My Revelations as an Intern on a Congressional Campaign

By: Charley Albert

Throughout the past few months, a great portion of my time has been spent interning for the Mikie Sherrill Campaign. On November 8th, Mikie Sherrill was reelected for her third time as Congresswoman of District 11. If you haven’t been following politics lately, you may remember her campaign from the ‘Mikie Sherrill US Congress’ signs sprawled across Bloomfield Avenue or her advertisements before what seemed like every YouTube video. I began volunteering for Mikie Sherrill when I was only a middle schooler in 2017, and have volunteered on each of her campaigns since. In the process, I have learned a whole lot about the nation and its politics.

Photo courtesy of mobilize.us

Working as an intern, I registered countless people to vote, constructed a great number of those lawn signs you see, and called hundreds of New Jersians across district eleven to spread the word about Mikie. During these tasks, I often found myself reflecting upon America’s politics, government, and democracy. From this, I have made a few significant conclusions.

First of all, I know a lot of people like to complain about all the efforts of political campaigns that I described before. The lawn signs are obnoxious. Those commercials and ads are everywhere. No one wants to be bombarded with political phone calls. These complaints are understandable and logical. But all of these seemingly annoying campaign tactics are symbolic. They come with democracy. They are a privilege. So even though political advertising can be annoying, it is a part of something both wonderful and intrinsic to our nation.

The second thing I realized working on Mikie Sherrill’s campaign was the importance of citizens in the election process. Congressional candidates, like Mikie, would be nowhere without their volunteers. The citizens are the ones who spread the word about congressional campaigns. They drop off lawn signs, organize events, and knock on doors despite their own busy lives. People are absolutely essential to the election process, and I cannot stress that enough. 
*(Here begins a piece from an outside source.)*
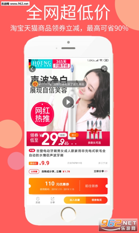 1、全网超低价,淘宝天猫商品领券立减,最高可省90%。
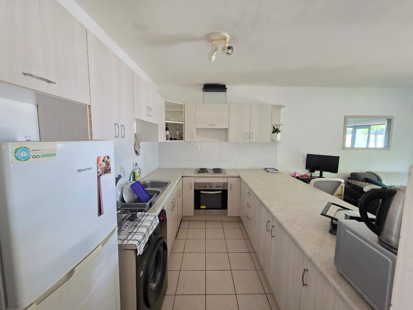 The apartment features an open-plan living and kitchen area with ample natural light, creating a welcoming and functional space for students or young professionals. The bedroom is comfortably sized with built-in cupboards, while the bathroom is neat and modern, fitted with quality finishes.

Photo courtesy of static01.nyt.com

My last reflection from my time on the campaign was about how easy it was to participate. I am still not the voting age and I have been working on campaigns for years. Mikie Sherrill and all the people who work with her warmly welcome volunteers. There was a beautiful and open community at this campaign, everyone was a valued member of the team. So, if you are passionate about politics, if there is a certain issue you really care about, or if you just want to show your patriotism, volunteering on a political campaign is something you should consider. 

Political participation is a beautiful thing. Just a few days ago, I was at a rally for Mikie Sherrill in Maplewood. A family lent their own home to the cause, hosting tons of people and politicians on their front lawn. Despite the rainy, cold weather, generations of people, from families with toddlers to couples in their eighties, came together. It warmed my heart to see so many people so passionate and hopeful for the future of the country. My time campaigning with Mike Sherrill taught me a lot, and it helped me form my own experiences with political participation and democracy. I would highly recommend you give it a try.